**EXERCISE OBJECTIVE:** Could you output each line below exactly as it appears, excluding any pictures?

**SUPPLIED INFORMATION:**
######
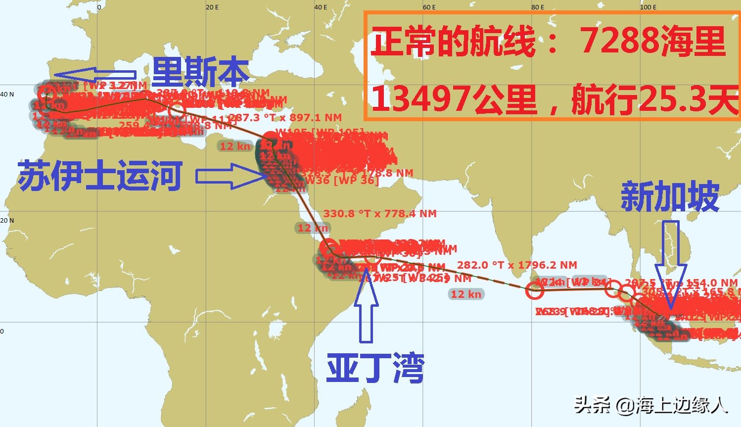 以我们船为例,从新加坡前往里斯本的航线,这里先普及下,海上计算距离都是用海里,1海里约等于1852米。动车高铁速度一小时250公里,那么船舶航速怎么表示呢?其实航速一般用节来表示,1节等于一小时跑1海里,就是1.852公里,所以高铁速度250KM/H就等于135节的速度,目前轮船没有谁能达到这个速度,客轮和军舰一般速度比较快,差不多能跑30节,才相当于60公里每小时的速度不到,也就是我们之前做过那种绿皮车的速度,可以打开火车窗户那种绿皮车,没有空调的,站台如果人多挤不进去火车,大家可以从窗户爬进去,我之前有爬过。扯远了,现在继续我们的话题。
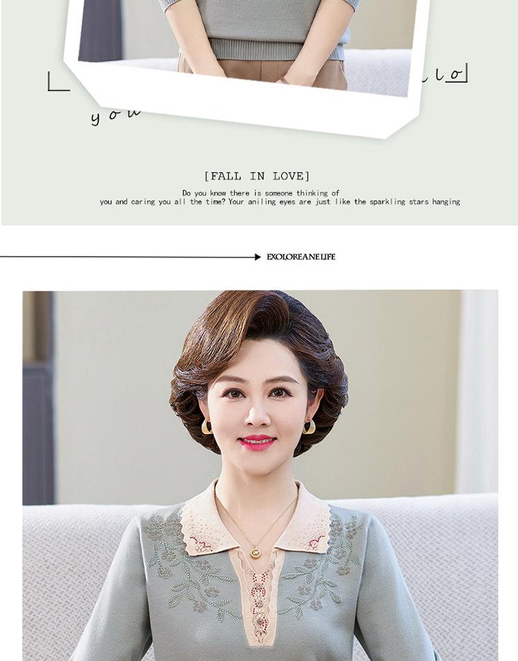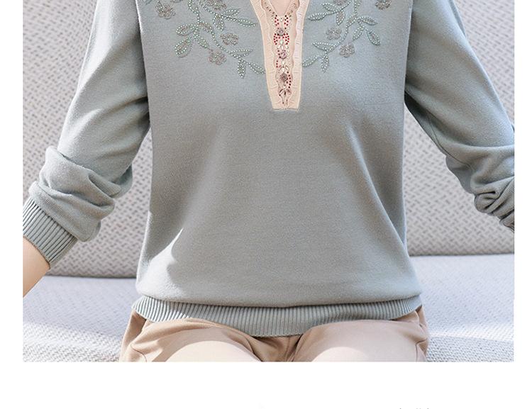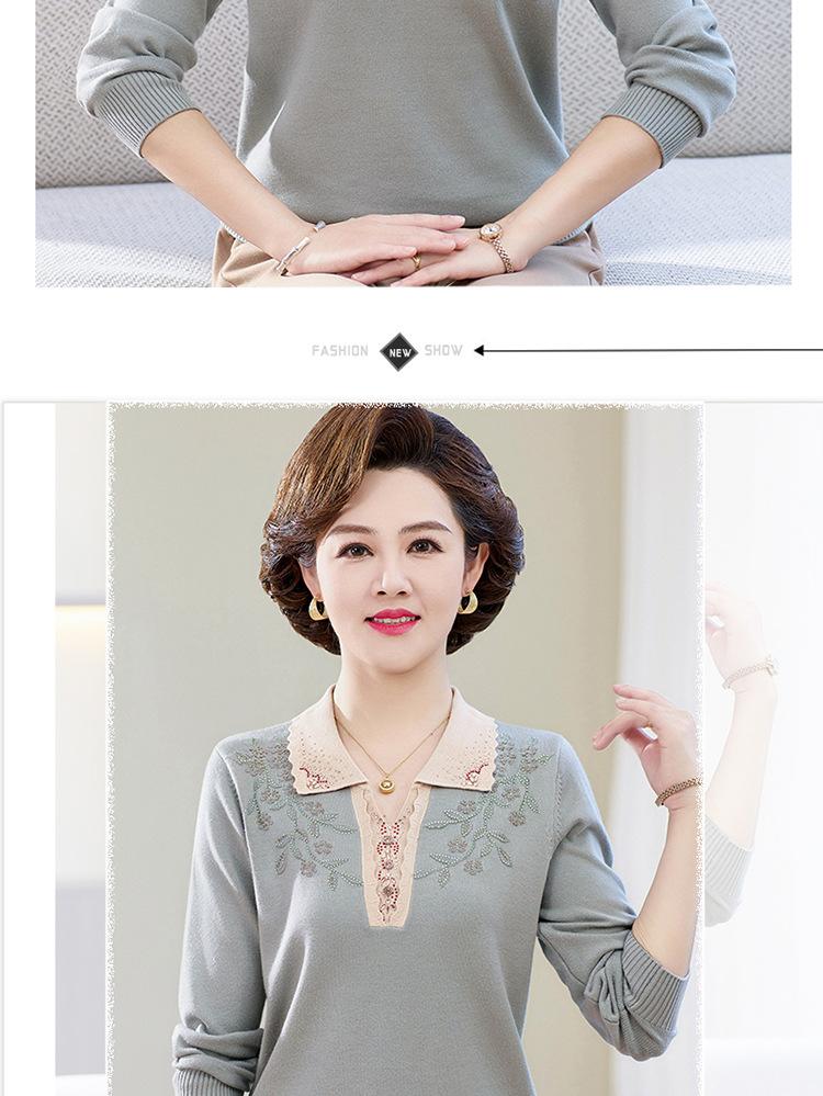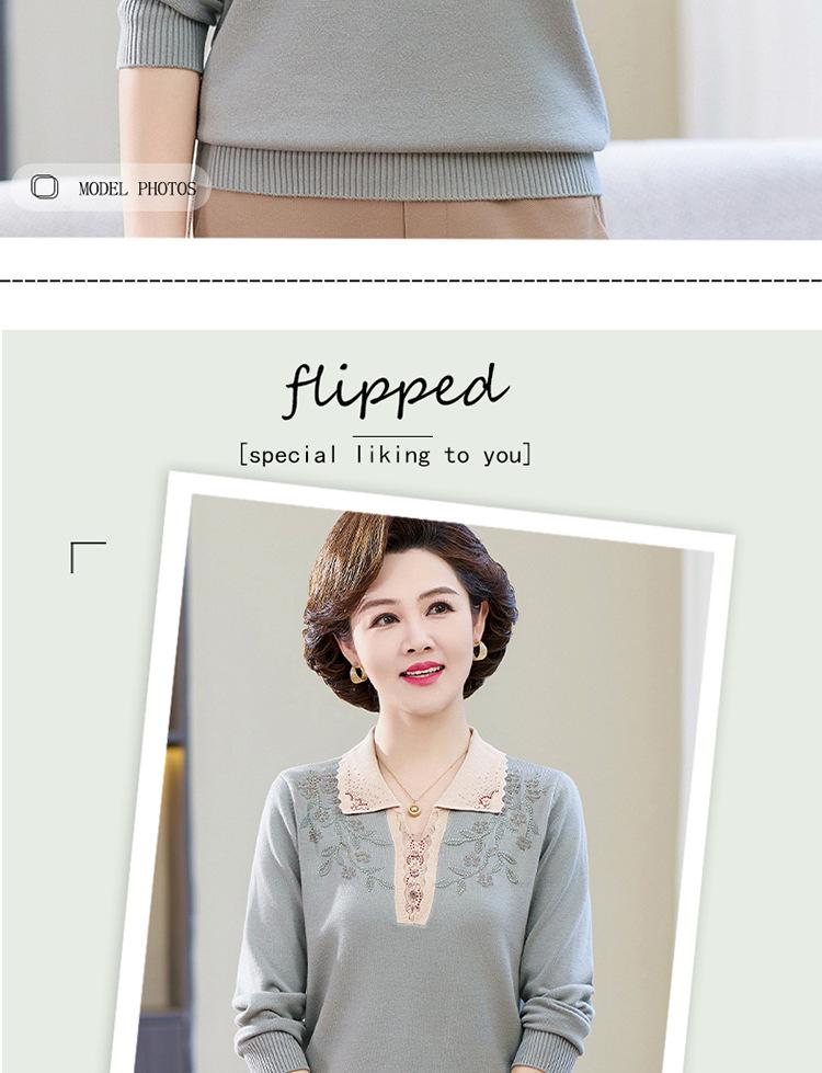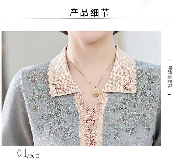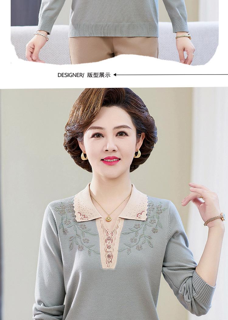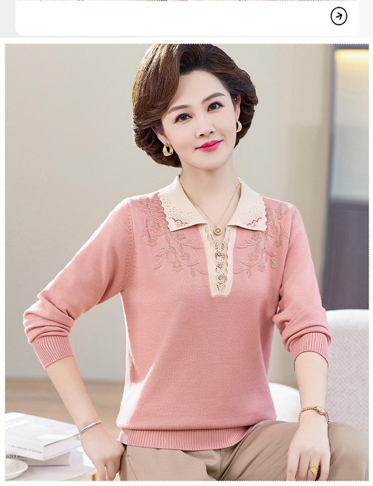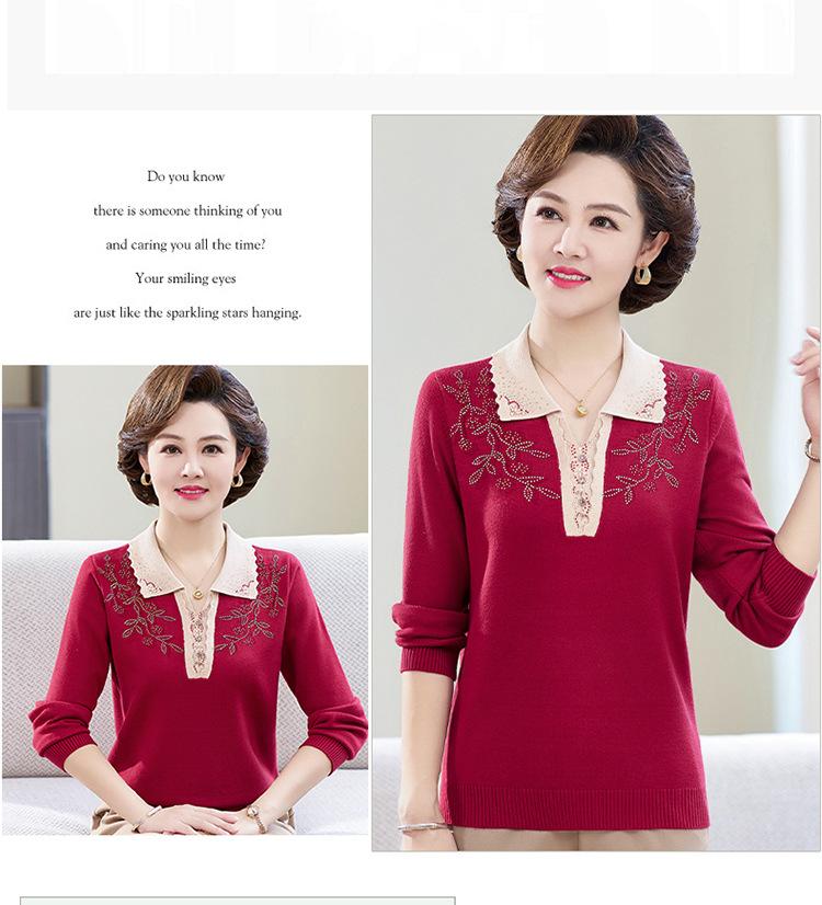 Camisa de punto de manga larga de primavera para madres de mediana edad, blusa bordada, nueva camisa de fondo estilo occidental de otoño para mujeres de mediana edad y mayores
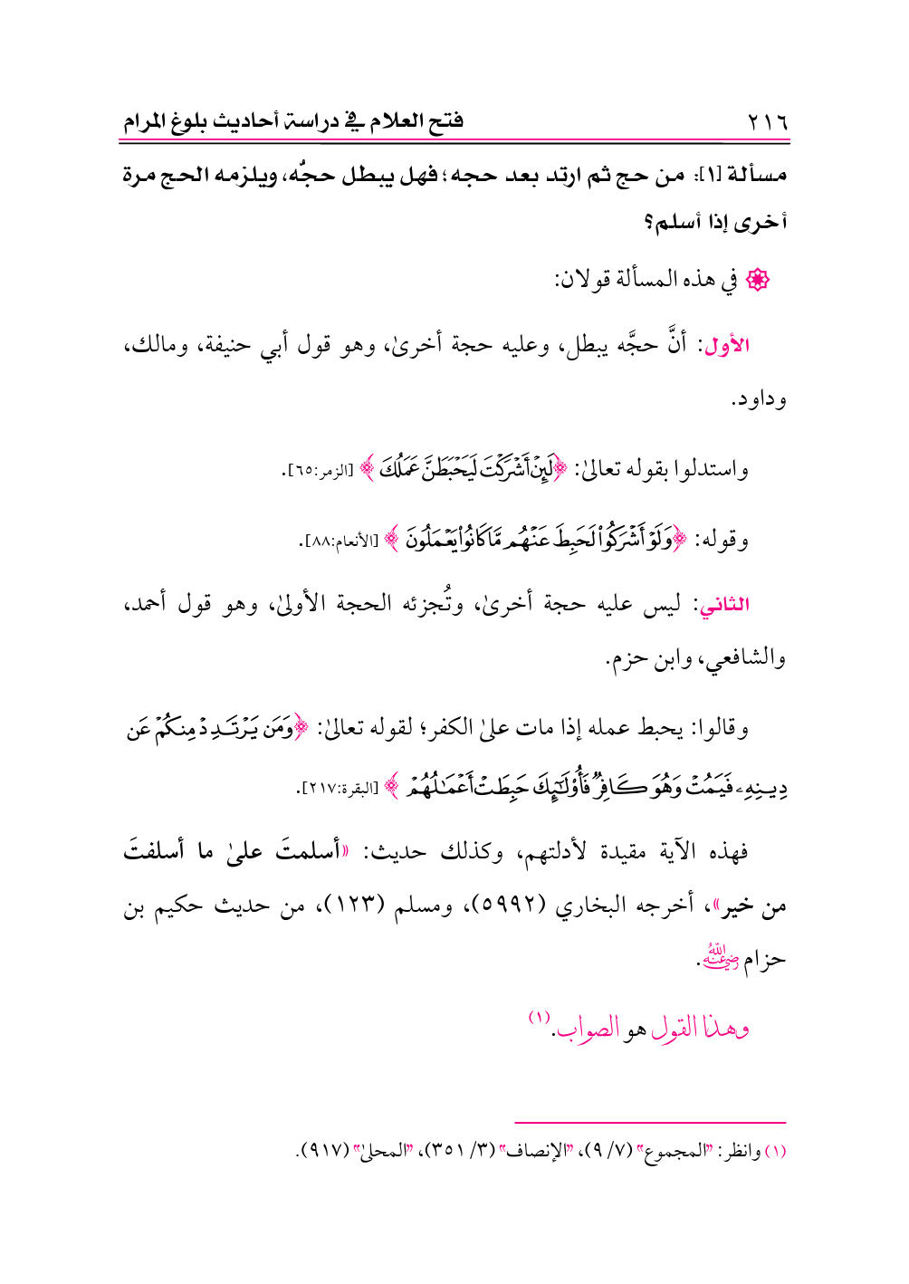 مسألة [١]: من حج ثم ارتد بعد حجه؛ فهل يبطل حجُّه، ويلزمه الحج مرة أخرى إذا أسلم؟
######
**RESULT:**
 以我们船为例,从新加坡前往里斯本的航线,这里先普及下,海上计算距离都是用海里,1海里约等于1852米。动车高铁速度一小时250公里,那么船舶航速怎么表示呢?其实航速一般用节来表示,1节等于一小时跑1海里,就是1.852公里,所以高铁速度250KM/H就等于135节的速度,目前轮船没有谁能达到这个速度,客轮和军舰一般速度比较快,差不多能跑30节,才相当于60公里每小时的速度不到,也就是我们之前做过那种绿皮车的速度,可以打开火车窗户那种绿皮车,没有空调的,站台如果人多挤不进去火车,大家可以从窗户爬进去,我之前有爬过。扯远了,现在继续我们的话题。
 Camisa de punto de manga larga de primavera para madres de mediana edad, blusa bordada, nueva camisa de fondo estilo occidental de otoño para mujeres de mediana edad y mayores
 مسألة [١]: من حج ثم ارتد بعد حجه؛ فهل يبطل حجُّه، ويلزمه الحج مرة أخرى إذا أسلم؟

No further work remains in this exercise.